The effect of doping MoSe2 by clusters of noble metals on its adsorption for NH3

Abstract

The development of industrial activities is associated with negative impacts on the quality of the environment including emission of hazardous gases. Therefore, it is critical to produce sensitive and selective gas detectors in order to monitor and maintain its good quality. This work investigates the effect of noble metal doping of MoSe2 on its adsorption of ammonia (NH3) gas. Pristine and noble metal doped MoSe2 structures are examined computationally using density functional theory (DFT). Clusters of timers of each Pt, Au, and Ag along with their combination are utilized for doping. The influence of doping MoSe2 structure on its adsorption energy and distance of NH3 gas, density of states (DOS), charge transfer between NH3 and the MoSe2 structures, and band structure is explored. When compared to the pristine structure, the doped MoSe2 structures reveal significant changes in electronic characteristics that are reflected on the DOS and band structures.

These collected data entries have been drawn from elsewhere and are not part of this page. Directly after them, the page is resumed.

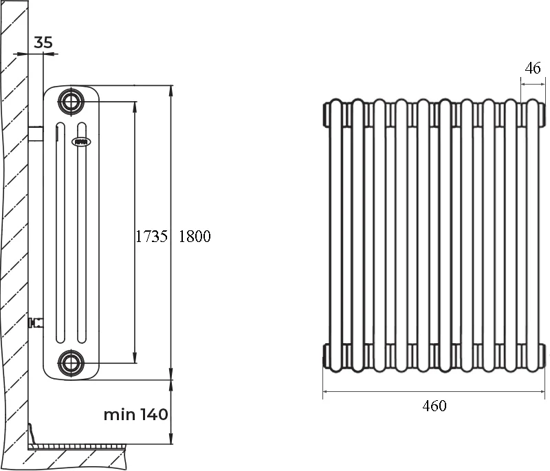 Радиатор стальной Rifar Tubog Ventil 1800 10 секций, 2-трубчатый, титан матовый
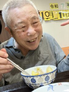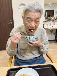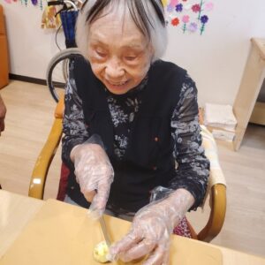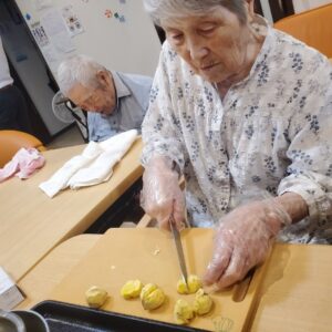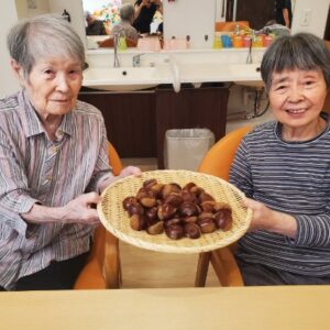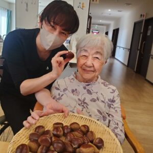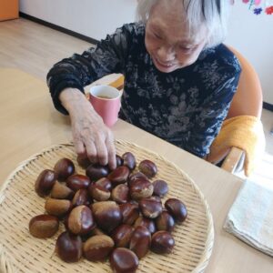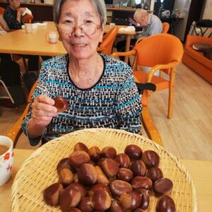 栗を下茹でした後は、入居者様に栗を半分に切って
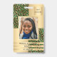 Emerald green leopard pattern and gold colour blocks. Personalise and add your business logo, profile photo, name, details.
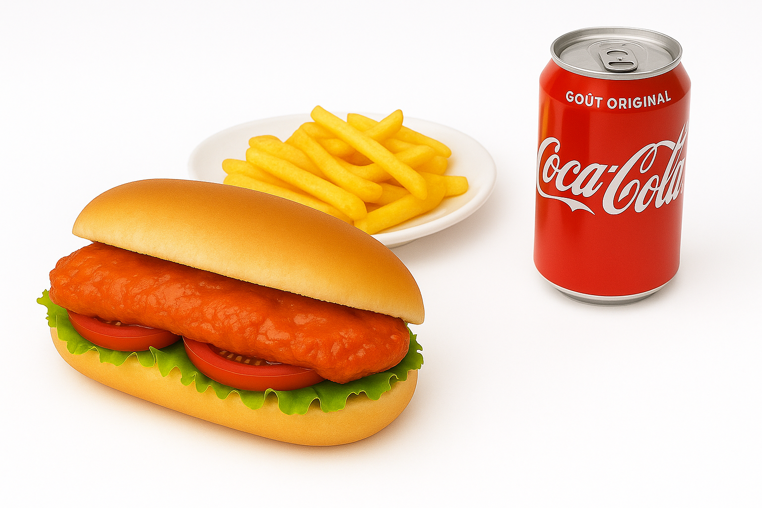 4 Steak+chevre+mozzarella+cheddar+becon avec frites et boisson 33cl
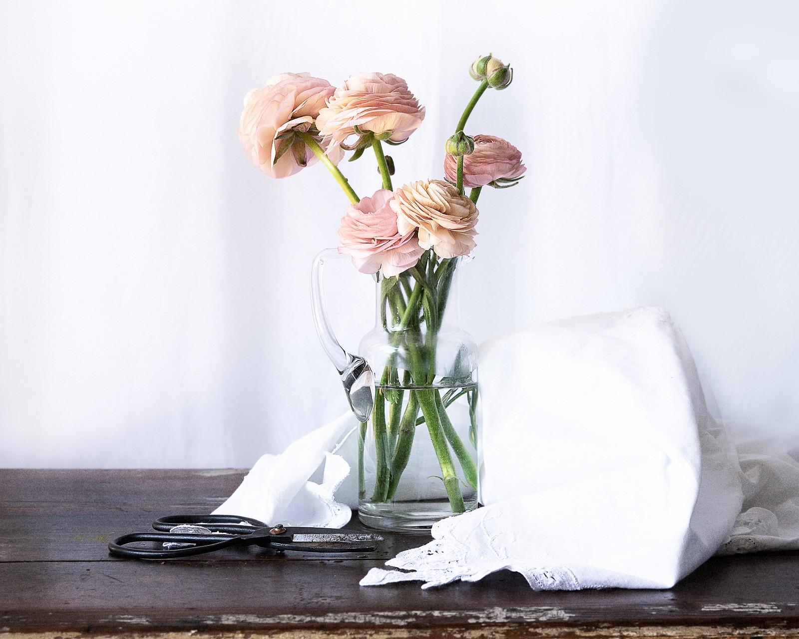 Placing my flowers (Apricot Ranunculus) in a clear glass vase and filled three-quarters full of water on the table. I have found that this level of water creates a nice balance — too full or too little does not look quite as aesthetically pleasing, but that is personal preference. I have placed some vintage white cotton around the vase, this also helps reflect light back into the image. The dark bonsai scissors were added as a contrast point and to help tell a story of freshly cut flowers.
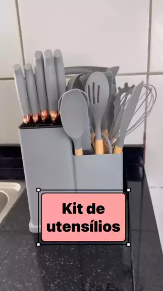 Melhor kit de utensílios do mundo. E o valor ta suuuuper compensando. Vem muitos utensilios de silicone e sem falar que é super chique
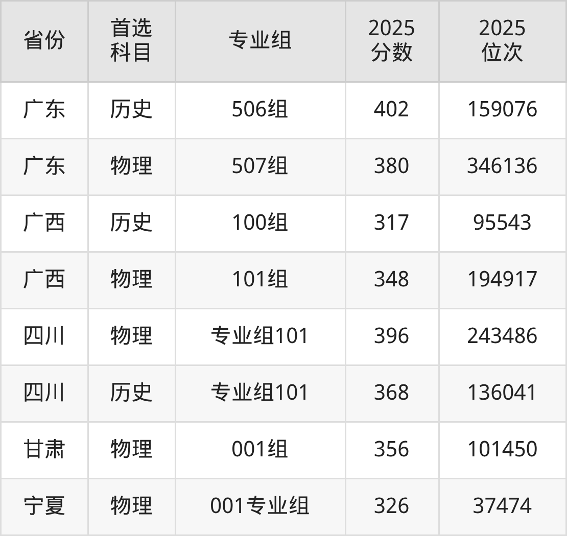 因为大部分地区目前只公布了院校(专业组)分数线,为了方便2026年考生参考,本文就整理出海南软件职业技术学院在全国各省不同科类的最低分:

New energy bands have evolved near to the Fermi level because of modifying the MoSe2 structure. The adsorption capacity of the doped structures is greatly enhanced due to incorporation of noble metals. Herein, the magnitude of adsorption energy increases and the adsorption distance deceases for NH3 gas. Consequently, the sensitivity is improved in comparison to the pristine structure. This study shows that noble metal doping of MoSe2 by clusters of trimers can be a useful approach for developing sensitive NH3 gas detectors.